The Man Who Engineered the El
This article is from the archive of The New York Sun before the launch of its new website in 2022. The Sun has neither altered nor updated such articles but will seek to correct any errors, mis-categorizations or other problems introduced during transfer.

New York City’s economy and culture could not exist without its systems for moving millions in and out of Manhattan daily. Yet we have forgotten the man who made mass transit practical.
Charles Thompson Harvey had the buoyant charm of a natural salesman. In 1853, the 24-year-old Harvey was peddling industrial scales in the Midwest when he envisioned a one-mile canal at Sault Sainte Marie, Mich., that, by linking Lakes Superior and Huron, would create a 1,000-mile waterway from Minnesota to Manhattan. Construction would require blasting one mile of flint in savage backwoods country to which everything, including labor, would have to be imported 400 miles from the nearest railhead, where winters were five months long with midday highs of zero and summers meant mosquitoes and cholera. And Harvey knew little of engineering: He would have to learn on the job. Somehow, he seduced his employers into financing the project. After two years’ of pure hell, the first boatload of Michigan copper ore passed through Harvey’s canal on April 19, 1855.Today, the Soo Canal, with annual transits of 100 million tons, is the busiest in the world – with more traffic than the Panama or the Suez.
Ten years later, Harvey was working on a Long Island real estate deal when he noticed the New York Tribune’s campaign for better public transportation. The streets were intolerably jammed with horse-drawn private carriages, cabs, and omnibuses – overgrown stagecoaches. In 13 hours on one August day in 1852, gadfly Jacob Sharp had counted 3,035 uptown and 3,162 downtown omnibuses pass a single Broadway intersection. Horse-drawn streetcars, essentially omnibuses with flanged wheels running on rails in the streets, added to the congestion. Manhattan’s streets weren’t big enough for everyone who wanted to move on them.

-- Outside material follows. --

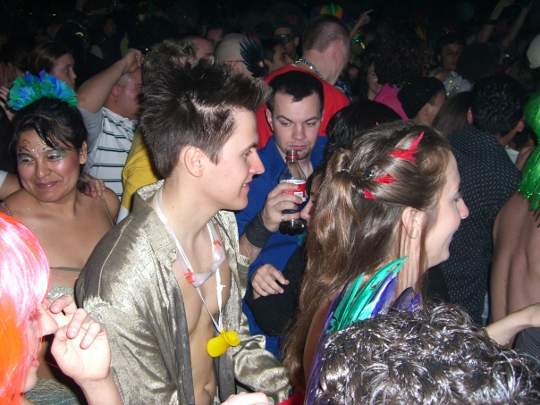 This photo appears to have been taken at a very lively party with a lot of young people. There is an attractive brown-haired young man at the center of the photo. He has on a silvery colored shirt that is completely unbuttoned in front showing off his chest. Around his neck, he has a medium long white cord with some yellow pendants. Behind him, is a young lady in a thin-strapped low-cut blouse or dress. She is noticeable for wearing silvery eye makeup and having some silver symbols pained on her forehead. She appears to have some symbols painted on her forehead. There is another young girl in the foreground who has orange-pinkish hair-either had her hair colored or wearing a wig. Another young woman has a layered hair-do with what appears to be red barettes in her hair. All in all, it looks like a fraternity party gone wild.

“Such service,” the Tribune complained, “…would not be decent to carry live hogs and hardly dead ones.” A city commission was advertising for proposals to build a practical mass transit system. Amidst the plans submitted by the world’s greatest engineers was the self-trained Harvey’s scheme for an “Elevated Railroad” in which large, comfortable passenger cars designed for 40 riders would move at speeds of up to 15 miles an hour without locomotive smoke or horse manure by gripping a series of endless moving cables.
Like most practical ideas whose hour has come, an elevated railroad was unoriginal: People had been talking about them since 1825. But Harvey was the first to do something about it. He began building a trial half-mile section along the east curb of Greenwich Street on July 1, 1867. The “one-legged railroad” ran 30 feet above the pavement on a single row of spidery cast iron piers from Battery Place to Cortlandt Street, somewhere near today’s ground zero. Harvey demonstrated his system as early as December 7, 1867, by driving a test car – essentially an open platform on four wheels – over the rails. A photographer captured him paused near Morris Street, with observers watching from the sidewalk before Edwin F. Richards’s building at 37-39 Greenwich Street. About eight months later, on July 1, 1868, Harvey opened the line for service from Battery Place to Cortlandt Street as construction continued along Ninth Avenue toward 29th Street.
Some problems immediately appeared. Passing from one cable to the next violently jerked the car, throwing passengers from their seats. Harvey immediately redesigned the grip by adding a patented spring device to absorb the impact. Also, a broken cable would halt all service, requiring passengers to descend on ladders from the tracks. Nonetheless, The New York Times for September 7, 1869, reported “smooth and easy” rides, with the line to 29th Street due to open on November 1, 1869.
Less than three weeks later, on Black Friday, September 24, 1869, the failure of Jay Gould and James Fisk’s attempt to corner the nation’s gold supply caused a stock market crash. The El’s underwriters failed. The line ran out of construction funds. On February 14, 1870, the El was sold at a sheriff’s sale for $960 and Harvey was out of a job. The new owners resumed service, replacing the cables with steam locomotives. The El swiftly gained rider-ship because, as Harvey had envisioned, the trains moved faster than the jammed traffic on the street. By 1880, the city’s elevated railroads annually carried 300 million passengers on 88 miles of track. Gradually replaced by subways and buses, the last operating El lines – now integrated into the subway system – are Brooklyn’s J line along Fulton Street in East New York and the Franklin Avenue shuttle.
Harvey faded into obscurity long before his 1912 death. New York has no monument to his memory; although Sault Ste. Marie, Mich., named its marina for him, its Web site does not explain who Harvey was or what he did.